Tolkien's style, however, is far from modern; Wilson called it "a story-book language," and it certainly is. Take a paragraph here and there, and it's easy to laugh at:

To Brethil three men only found their way back at last through Taur-nu-Fuin, an evil road; and when Glóredhel Haldor's daughter learned of the fall of Haldir she grieved and died.

The inverted word order, the strange names, even the cadence of the sentences, all seem pompous and overblown. We have been conditioned by a century of plainer prose, ever since Hemingway and the hard-boiled writers of the 1930s. But they had achieved their tough-guy tone by borrowing from the unemotional prose of the Icelandic sagas, and Tolkien knew those sagas better than most. His style is a direct descendant of the Icelanders'; Hemingway just married into the family.

So Tolkien says simply, "she grieved and died," without giving us the details of her grief or the manner of her death. He generally stays outside his characters' heads; again like the Icelanders, he shows us what they say and do, and lets us infer what their thoughts and feelings must be.

Edmund Wilson derided Tolkien's "travel-book" prose, but he missed the music of the names and the movement they give his sentences. This was always an attraction of TLOTR, especially for young readers who'd never encountered the cadences of the King James Bible. It's especially striking in The Children of Húrin. Reading it is like listening to a somber late 19th-century symphony from northern Europe: something by Grieg, or more likely Mahler.

Speaking with silence

In theory, we should be able to judge a book on its own terms even if we know nothing about its background or author. In practice, Tolkien's writing has troubled critics because it seems so unrelated to his combat experience and to his devout Catholicism.

Middle Earth in all its ages has no religion, no priesthood. The Valar, the gods who created the world and its peoples, have retreated to the forbidden West. Morgoth is a Lucifer, attempting to impose his will on stubbornly secular Men and Elves (and Dwarves). The Valar will intervene only to destroy him by destroying Beleriand. Six thousand years later, Morgoth's flunky Sauron will try the same thing and fail -- but this time thanks to the simple decency of The Hobbits and the courage of the other peoples of Middle Earth.

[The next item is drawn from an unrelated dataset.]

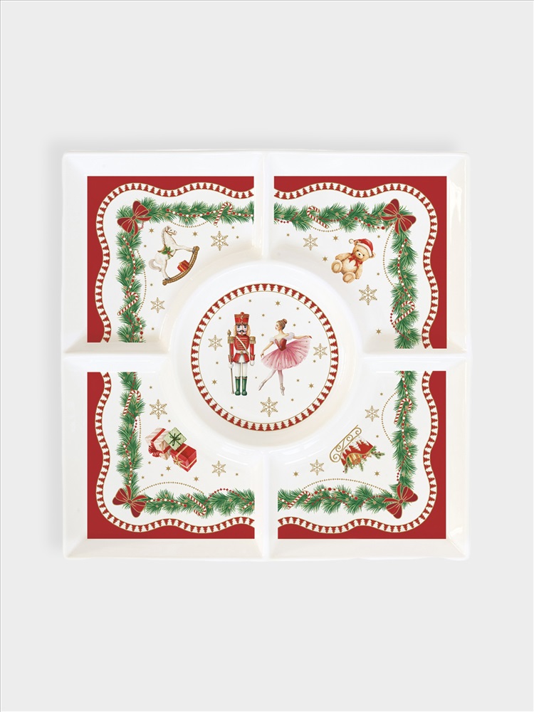 Бренд: EASY LIFE Коллекция: НОВЫЙ ГОД Страна бренда: Китай Менажница, 25 см, 4 отд, фарфор P, белая, Щелкунчик и фея, Magie de Noel. Материал: фарфор Рorcelain. Мыть тёплой водой с применением ЖМС. Не использовать в СВЧ и посудомоечной машине.

If Tolkien saw religion as his personal salvation, why did he not offer it to his characters and their world?

A good writer, like a good composer, can say as much with silence as with words and sounds. Tolkien's silence says that Middle Earth is a splendid but unhappy world because it has no real god.

That is certainly implicit in TLOTR, especially in the postwar sadness of Frodo. Not until he leaves Middle Earth for the home of the gods in the West does he find some hope of happiness. His companion Sam sees him off, and then returns to the Shire and the simple consolations of domestic life.

Tolkien's silence in this novel is even louder. Húrin's children, for all their high birth and prowess, destroy themselves in a brutal war. The best they can offer us, like the House of Atreus and like the ignorant armies of World War I, is a warning against self-deceiving pride.